I recently learned of two real events that reportedly inspired the English poet Samuel Taylor Coleridge’s masterpiece “The Rhyme of the Ancient Mariner,” a poem most of us read in high school about an old sailor who stops one of three people walking to a wedding to tell him a captivating but grim story.
According to author Ken McCoogan, in 1797, Coleridge’s neighbor John Cruikshank told him about a nightmare with a “mysterious skeleton ship manned by strange, tormented figures.” Listening to Cruikshank, Coleridge remembered that six years earlier, at fancy charity dinner in London, he’d met a weather-beaten old explorer named Samuel Hearne. Coleridge had listened, rapt, as Hearne spoke compulsively about his days in the Royal Navy, his travels across the Barren Lands of northern North America to the Arctic Ocean, and the hardship of the journey, which had ended in a massacre of native people that still haunted him. We now know it as the Bloody Falls massacre. Coleridge found Hearne immensely compelling – a man so tormented by guilt that he was compelled to bear witness and tell his story.
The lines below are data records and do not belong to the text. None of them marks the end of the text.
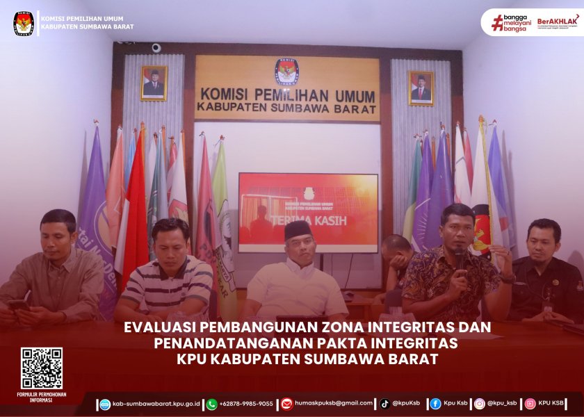 Rabu, 8 Oktober 2025 - KPU Kabupaten Sumbawa Barat melaksanakan Rapat Evaluasi Pembangunan Zona Integritas dan Penandatanganan Pakta Integritas. Kegiatan ini dibuka langsung oleh Ketua KPU Kabupaten Sumbawa Barat, Herman Jayadi, dan dilanjutkan dengan sambutan oleh Anggota dan Sekretaris KPU Kabupaten Sumbawa Barat.
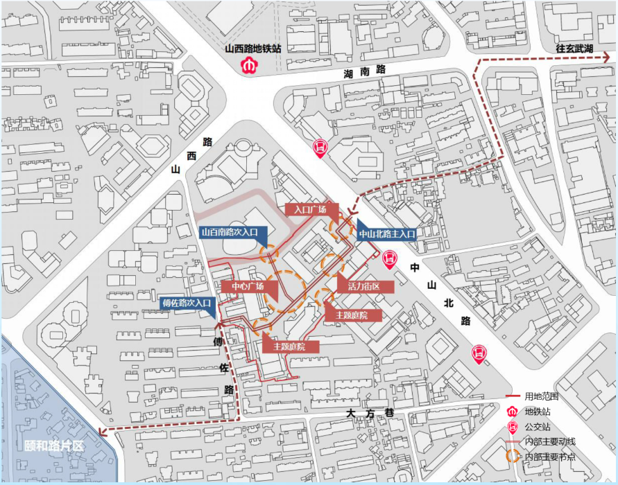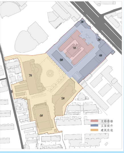 该地块原功能主要为商业、文娱及各类餐饮,后按政策要求停止对外经营,现委托融通地产(江苏)有限责任公司经营管理。为盘活资产,提升城市形象,该公司计划对地块进行修缮及改造,主要内容为:文物修缮,外立面改造,场地景观提升,拆除部分零星建筑,增加敞开空间,不增加总面积的基础上进行还建,改造不增加建筑高度、不涉及相邻关系改变。地块改造后延续商业功能,打造历史文化与城市商业的结合体,涵盖零售、文娱、餐饮等功能。
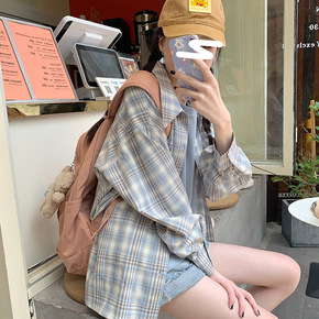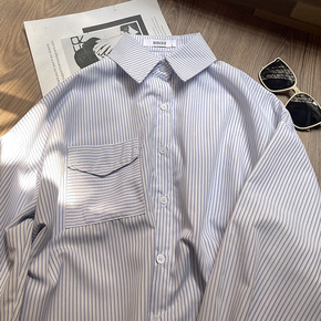 条纹衬衫女2022春季新款韩版宽松休闲BF风学生显...
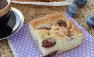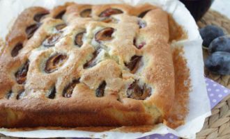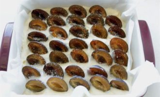 Выложить в форму, выложенную пекарский бумагой. Порезать сливы на половинки, выложить на тесто, посыпать оставшимся сахаром (лучше коричневым).
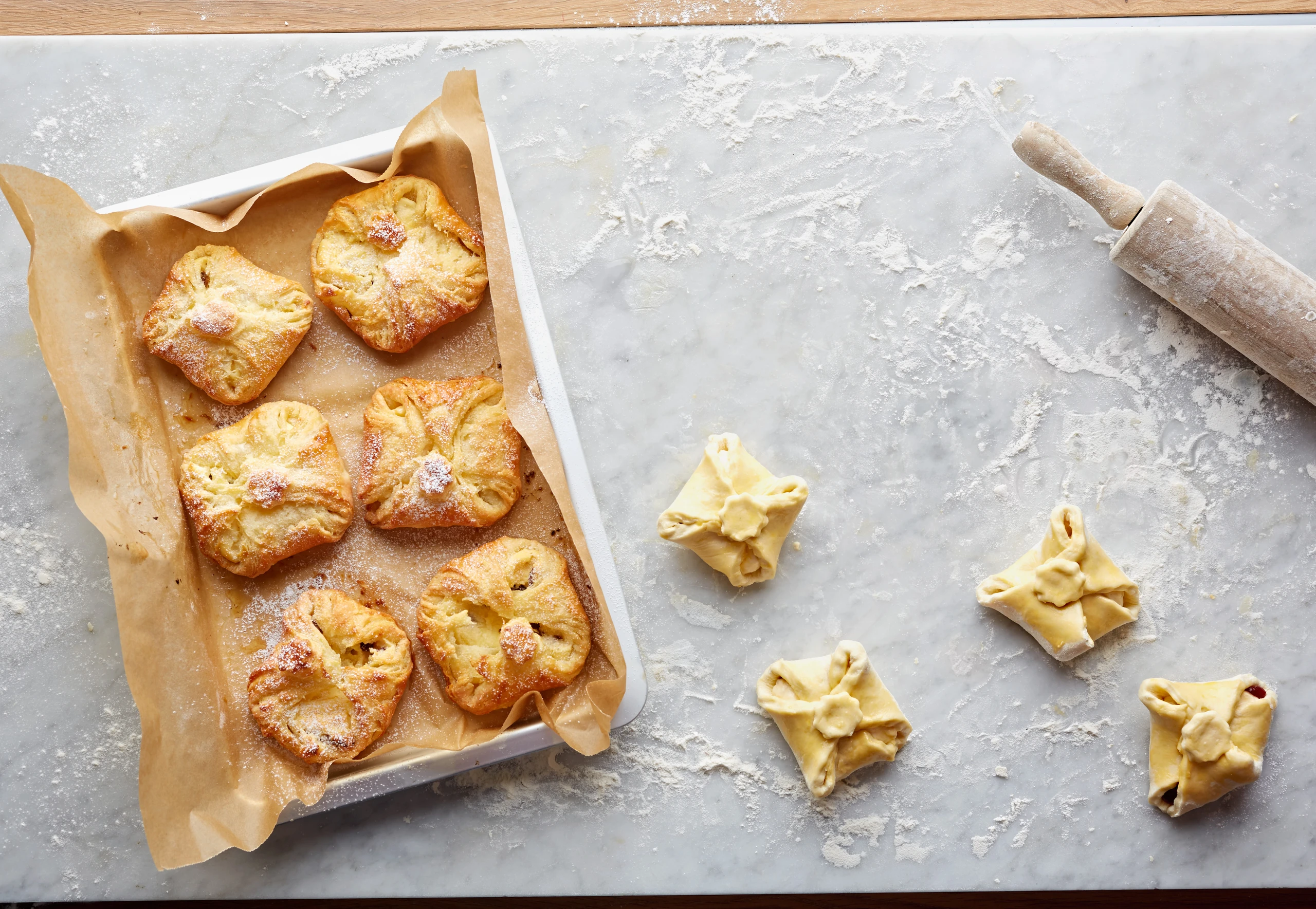- Teig halbieren, auf einer bemehlten Arbeitsfläche 50 x 30 cm groß ausrollen.
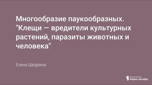 Урок "Многообразие паукообразных. Клещи — их роль в природе и жизни человека" из этого цикла.
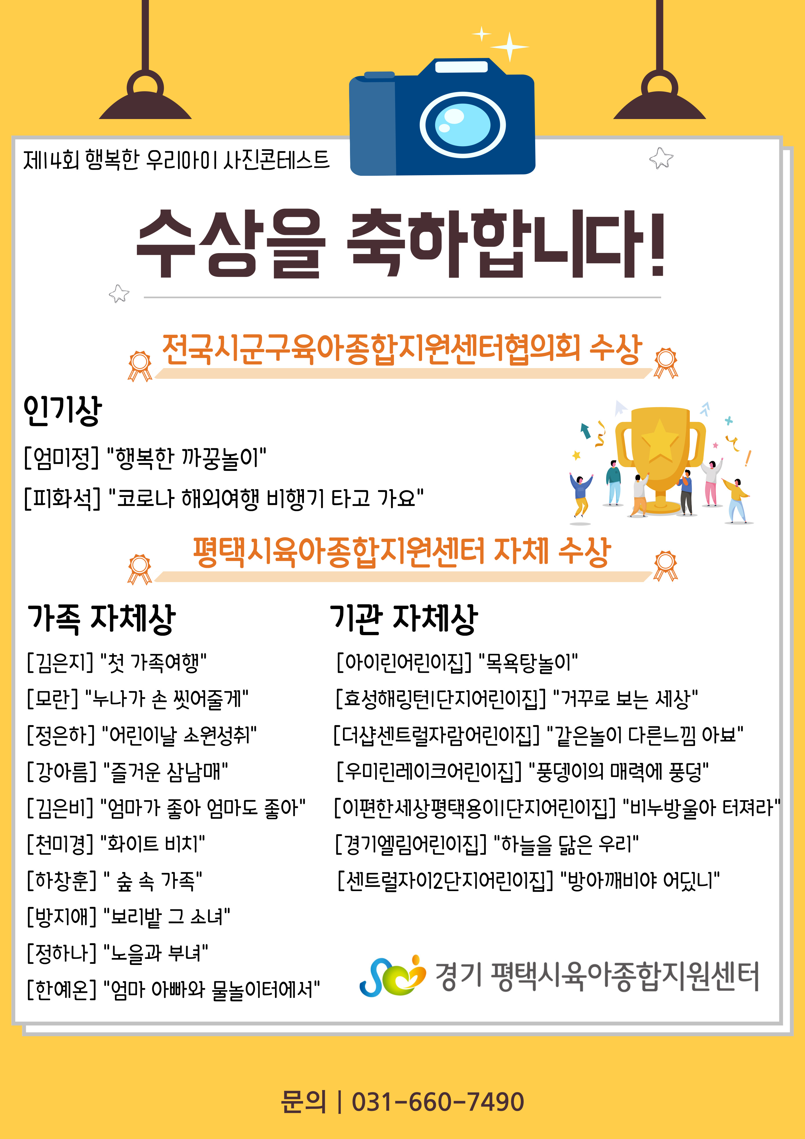 | 집에서도 놀(면서) 자(란다)! *온라인 부모교육을 수강하시고, 자녀와 놀이꾸러미로 더 재미있게 놀아보세요! - 신청대상 : 평택시 관내 영유아 자녀를 둔 부모 및 양육자 - 신청일 : 8월 31일(수) ~ 선착순 30명 - 배부일 : 9월 14일(수) 10:00 ~ 11:30 - 배부장소 : 서부아이사랑놀이터 소감문은 9월 7일(수) 오후 1:00까지 작성해주세요. 도착하지 않을 경우 대기자에게 순서가 돌아갑니다.
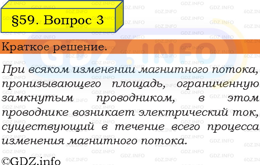 ГДЗ (готовое домашние задание из решебника) по Физике 8 класса авторов И. М. Перышкин, А. И. Иванов, Просвещение, 2023-2025г. ФГОС на Вопрос №3, § 59. Явление электромагнитной индукции.
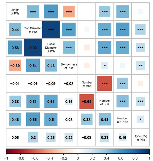 Correlations among the properties of the “Yuanhua” Sapindus mukorossi parent shoots. Note: Length of PS, length of the parent shoot; Top Diameter of PS, the diameter of the tip of the parent shoot; Basal Diameter of PS, the diameter of the base of the parent shoot; Slenderness of PS, the slenderness of the parent shoot; Number of VSs, the number of vegetative shoots on parent shoots; Number of BSs, the number of bearing shoots on parent shoots; Number of CNS, the total number of current-year shoots on parent shoots; Type (FV) of PS, the types of parent shoots. Asterisk in the figure are p-values and represent statistical significance (* p < 0.05, ** p < 0.01, *** p < 0.001).
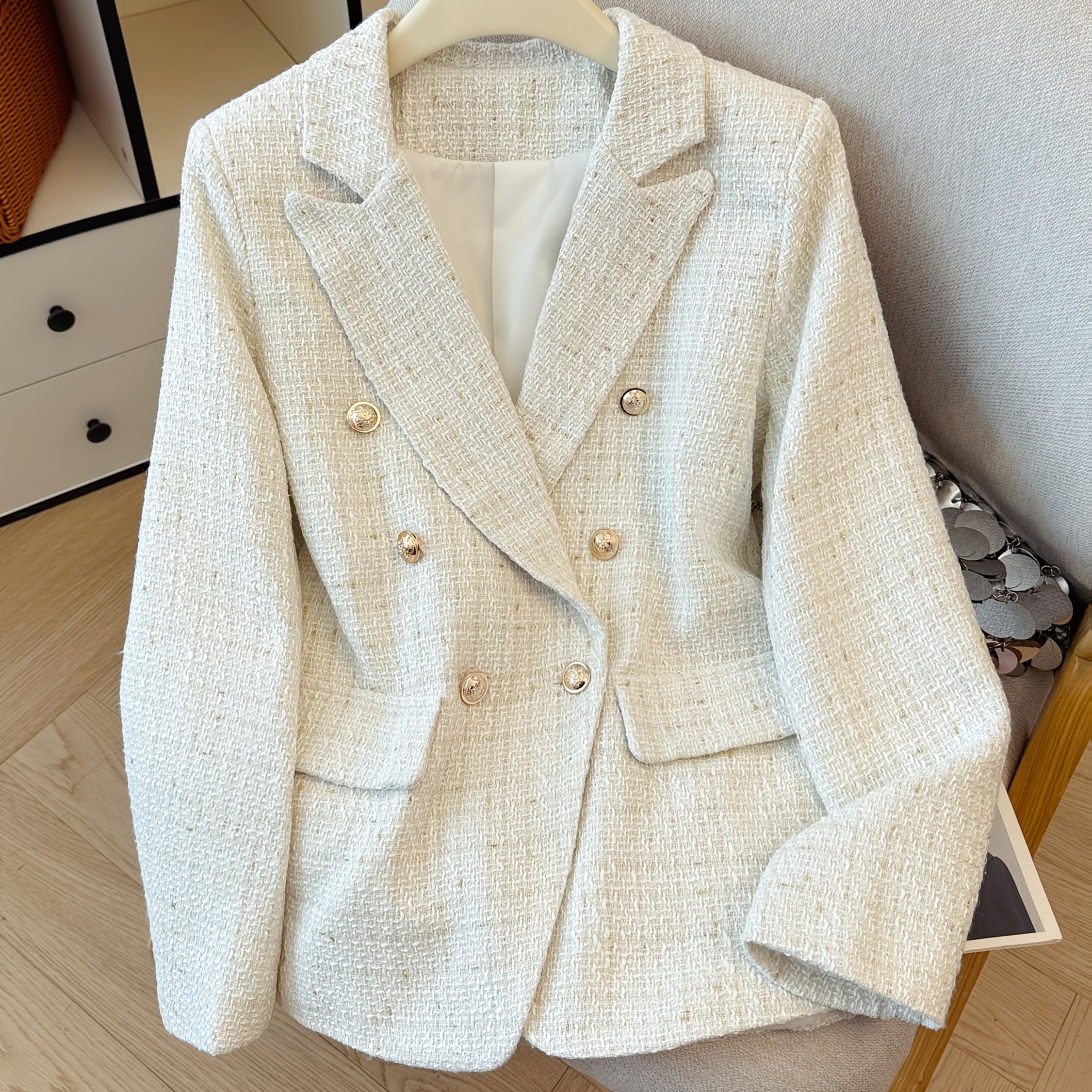 TEMU 여성용 우아한 베이지 재킷 - 사계절 내내 착용 가능한 버튼 프론트 코트, 오피스 & 웨딩 트래블 , 일상 및 공식 행사용 - 튼튼한 여성 아우터웨어, 클래식 디자인, 세련된 마감, 다목적 레이어링 피스

Having heard Cruikshank’s nightmare and recalling his meeting Hearne, Coleridge read Hearne’s book about his travels. Perhaps, Coleridge thought, he could write a poem about that guilt-burdened character with a new narrative drawn from Cruikshank’s skeleton ship nightmare.
And he did. Samuel Hearne’s guilt-ridden memory of the massacre at Bloody Falls inspired the guilty feeling of the ancient mariner in Coleridge’s famous poem.
But Coleridge didn’t settle on a cause for this fictional sailor’s all-consuming guilt until he apparently found it in yet another mariner’s narrative. According to Kenneth Poolman’s book The Speedwell Voyage, Coleridge told his friend and fellow poet William Wordsworth about the poem he’d been working on, the skeleton ship of suffering, and the guilt-ridden sailor. Wordsworth replied that amidst his books was an account of a voyage made by a Captain George Shelvock 75 years earlier, in which a musket-toting sailor had shot an albatross, an act mariners believed inevitably brought on the wrath of Neptune. Wordsworth suggested that Coleridge use shooting an albatross as the reason for the mariner’s suffering and guilt. Coleridge did – just changing the musket to a cross-bow.
And thus it was that in Coleridge’s poem the sailors who suffered with “Water, water, everywhere,/Nor any drop to drink. . . .” hung the albatross around the shooter’s neck, and for the rest of his life, his profound feelings of guilt compelled him to tell his sad tale to all he met.